In honor of President's Day and all the work you're currently not doing, I recommend that you read this rather luxurious essay that examines David Foster Wallace's successful career as a journalist—arguably in the vein of Hunter S. Thompson—as opposed to just a universally revered fiction writer.

Via Salon.com:


In his nonfiction, Wallace most closely resembled another writer before him, a man who was also considered something other than a journalist: Hunter S. Thompson. Both writers took reportage a step further than the literary techniques of Gay Talese, Joan Didion and the New Journalism.

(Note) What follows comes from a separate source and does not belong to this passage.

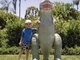 Nadmuchiwany dinozaur w dwóch wersjach: Tyrannosaurus lub Stegosaurus.

Yes, both Thompson and Wallace shirked objectivity, happily injecting their own commentary and asides into factual reportage, but today scores of journalists reject objectivity (Rolling Stone’s Matt Taibbi, Esquire’s Tom Junod or, to a lesser extent, Jon Krakauer, who certainly makes his own views clear by the end of “Where Men Win Glory”).
What Thompson did differently that Wallace emulated (consciously or not) is more about a slippery definition of honesty and truth. An essay Wallace wrote about attending the Adult Video News (AVN) Awards opened the collection “Consider the Lobster.” It’s a rollicking tour in which the author plays representative for the reader’s disgust and fascination (when a girl meets Wallace and brags about small valves in her new breast implants that allow her to adjust the size of the breasts by adding or draining fluid, she raises her arms to show him and Wallace can only write, “There really are what appear to be valves”).

It's a fascinating read that prompted me to remember some of my favorite DFW essays, and just in time: tomorrow would've been Wallace's 50th birthday.